Book of the Week, Children's books

Book of the Week: The Wombles at Work

Happy Tuesday everyone and I hope that those of you who had a bank holiday yesterday had an excellent day. This week’s pick is a nostalgic trip down memory lane for me, because I read several of the Wombles books when I was at primary school, so when I saw this in the same edition as the school library had at a book sale a few months ago, I snapped it up.

This is the third book in the series of children’s books about the Wombles, furry animals who live in burrows and clean up the mess that humans leave behind them. In The Wombles at Work, they are living in Hyde Park after being forced to move from Wimbledon Common. The overarching framing device for the book is that the Wombles are competing to come up with the best ways to fight pollution. Within that, the different strands of the plot sees the different Wombles trying to solve the various problems that they come across. So for example Tomsk saves a swan from choking to death on a net, a music festival takes place in the park and leaves lots of rubbish behind it, Madame Cholet is struggling with restrictions on how long she can have her stove on every day because the cooking can be smelt above ground and there are mysterious notes being left for the burrow.

When I bough this I wasn’t sure if this was one of the ones that I had already read or not, but in reading it, I realised that I hadn’t and that was also a delightful treat. I went off and had a look at the book summaries and I have definitely read the previous book where the Wombles had to move form Hyde Park, and fifth book the Wombles around the World where some of the burrow are sent around the world to find out more about other countries and other Wombles. I think I’ve read the book where they move back to Wimbledon common, but I’m not 100% sure. And I have the audiobook of the first one too because it’s read by Bernard Cribbins, which I listened to years ago and now want to listen to again! It’s easy to think that the problem of pollution and people wanting to care for the environment is a new thing, but when you go back and read the Wombles books – written in about eight years from the late 1960s through the 1970s, you realise that things really haven’t changed a lot. All of which means I think it would still be a great story to read as a middle grader today, even if the references to the Old Queen are more likely to be read as references to Elizabeth II rather than Victoria!

These were out of print for years and years which may explain that – my school library was the only place I ever remember seeing these and I’ve never come across them anywhere else before, and I suspect they may still be hard to find in the shops but they are at least on Kindle now.

Happy Reading!

Book of the Week, books, children's books

Book of the Week: Curtain Up

I’m back in the world of children’s books for this week’s BotW and Noel Streatfeild’s Curtain Up or Theatre Shoes as it’s called in the US and some newer editions here. I was sure that I had already read this – but it turns out, I hadn’t and it had been sitting on my children’s book shelf unread.  A travesty.

copy of Curtain Up
The book has a plastic protective cover, so the photo isn’t great – but it’s so pretty I had to have a photo!

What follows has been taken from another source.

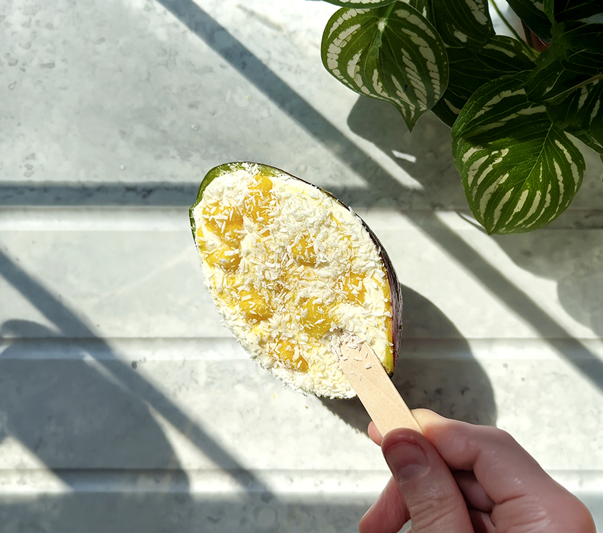 Stick in a thick wooden stick, add in some mango pieces and sprinkle with dessicated coconut. Then freeze for at least 6 hours.

So, Curtain Up tells the story of the Forbes children – Sorrel, Mark and Holly.  Their mother is dead, their father is missing in the Second World War.  They had been living with their grandfather, but when he dies, they’re sent to live with their other grandmother – part of their mother’s family who they’ve never met.  When they arrived in London, they discover that she is an actress and that she intends for them to follow in her (and their mother’s) footsteps and make a career on the stage. They’re not all happy about this – and life with their grandma is very different from what they’re used to and the book follows them as they get used to their new life – and discover some new interests along the way.

If you read any Noel Streatfeild as a child (or an adult) it will probably have been Ballet Shoes,the story of the three Fossil sisters – Pauline, Petrova and Posy – and you’ll re-encounter these three (albeit at a distance) here, along with their theatre school. It’s a fun and sweet story which features rationing and wartime problems as well as the workings of the world of child actors. I love this sort of story – although today’s children may find bits of it strange – unless they’ve done the Home Front at school already!

I think my favourite Streatfeild may still be White Boots (Skating Shoes) but that’ may be because there are a lot of books about dancers and the theatre and not many at all about figure skating (I wish I could have been a figure skater, but even if my mother had sent me for lessons my flexibility, athleticism, build and height would’ve ruled me out pronto) but all the “Shoe” books I’ve read are great stories, well told that children can wish they were a part of, and adults can enjoy as well.

You should be able to get a copy of Curtain Up – probably badged as Theatre Shoes from any book shop with a good children’s department, Amazon have copies under both names –  new copies of Theatre Shoes, a Kindle edition and second hand copies as Curtain Up. I suspect the bigger second hand book shops would be able to help too.  Happy reading!